The Registered Education Savings Plan (RESP) is a savings tool designed by the Government of Canada which allows caregivers to save for their children or grand-children's post-secondary education. If your child has a Social Insurance Number (SIN) they are eligible for the RESP.
The "Registered" part of the RESP means that any growth within the account accumulates tax-free. Although contributions are not tax-deductible, the flip side is that a return of contributions is available to you at any time without tax consequences.
The best part about investing in an RESP? As an incentive, the government will make additional contributions of 20% in the form of the Canadian Education Savings Grant (CESG) for all contributions made up to $2,500 per year. This is an automatic return on your investment of 20%; it's hard to beat that! The maximum amount of grant you can claim for each child is $7,200, and children remain eligible for the CESG up until the age of 17. Upon enrolment in a qualifying post-secondary institution, any accumulated growth and income as well as the grant portion can be accessed.
As an incentive, the government will make additional contributions of 20%, upt to an annual maximum of $500 per year.
What happens if I can't make a payment in any given year?
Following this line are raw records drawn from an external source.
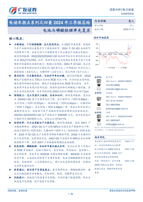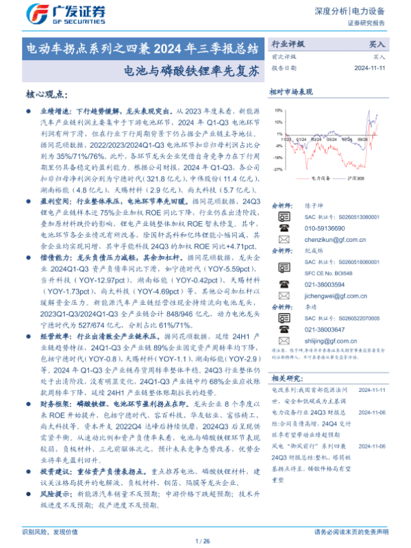 【广发证券】【20241111】电动车拐点系列之四兼2024年三季报总结:电池与磷酸铁锂率先复苏-26页
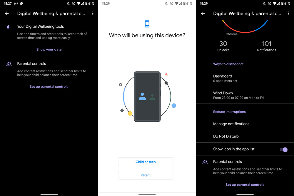 Esto hace que en los ajustes de Bienestar Digital aparezca una nueva sección llamada Control Parental, que permite configurar Family Link, la aplicación de la que hablábamos antes. Si no la tenemos configurada el sistema nos invitará a instalarla y crear los patrones de uso que estimemos convenientes.
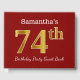 This guest book design features the ordinal number "74th" with a faux/imitation gold-like appearance. It also features a personalised name, and a red coloured background. It could be used at a party for somebody celebrating their seventy fourth birthday. [~Z0000055]
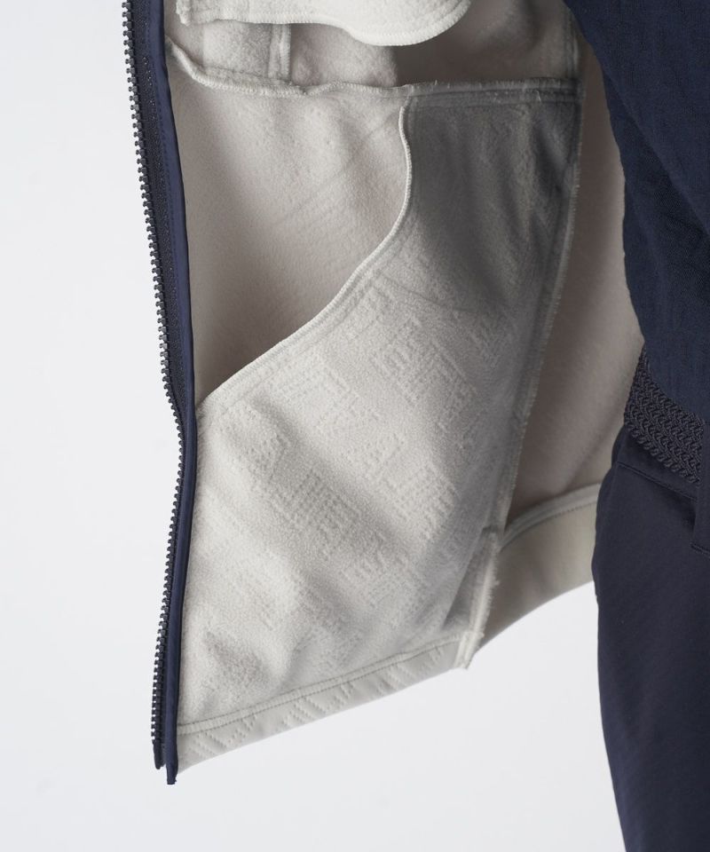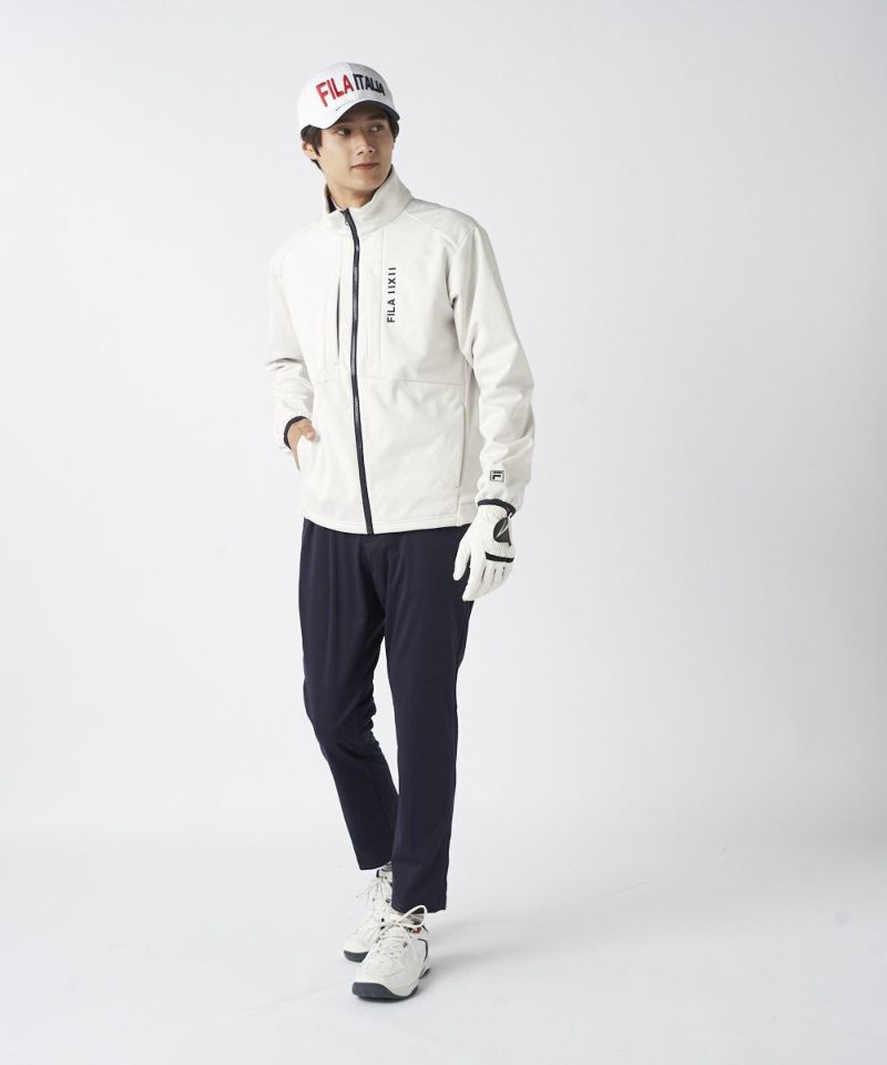 ストレッチ性の高いFILAオリジナル柄でキルティングを施した3層ボンディング素材を使用。外からの冷たい風を防ぐ防風機能と、体温を逃さない保温性を両立。ボンディング特有のハリがありながら、高いストレッチ性がダイナミックなスイングをサポートし、プレー中のストレスを軽減します。軽快で暖かい、秋冬に最適な素材です。

What's great about the RESP is that contributions are left up to you so you can contribute as much or as little as you can up to a lifetime limit of $50,000. If you are in a situation where you are unable to make a $2,500 contribution in a given year, you are allowed to contribute more in following years and retroactively claim up to an additional $500 worth of government grants per child, per year. That is, you can make up for previously missed years' contributions one year at a a time and still receive the 20% government grant.
What if my child doesn't pursue post-secondary education?
RESP accounts can remain open for up to 36 years so even if your child decides to take a gap year or do some travelling abroad first, that won't affect their eligibility.
If you know for sure that they won't be pursuing post-secondary education, you have the option of either transferring the funds to another beneficiary or you can transfer the money to your existing RRSP should you have available contribution room. In this instance, any grants received would be returned to the government with all investment returns taxed at your personal rate plus a 20% penalty.
What if I want my child to pay his own tuition?
Some parents are reluctant to fund an RESP because they want their children to be responsible for paying their own tuition. They can certainly still do so. In fact, upon taking out contributions once the child moves onto post-secondary education, the contributor receives back their contributions, and it is up to them whether they disburse them to the child or not. There are no tax implications when contributions are returned.
Any growth within the portfolio as well as grants may be returned either to the parent or child. However, this portion is taxable to the child in the year taken.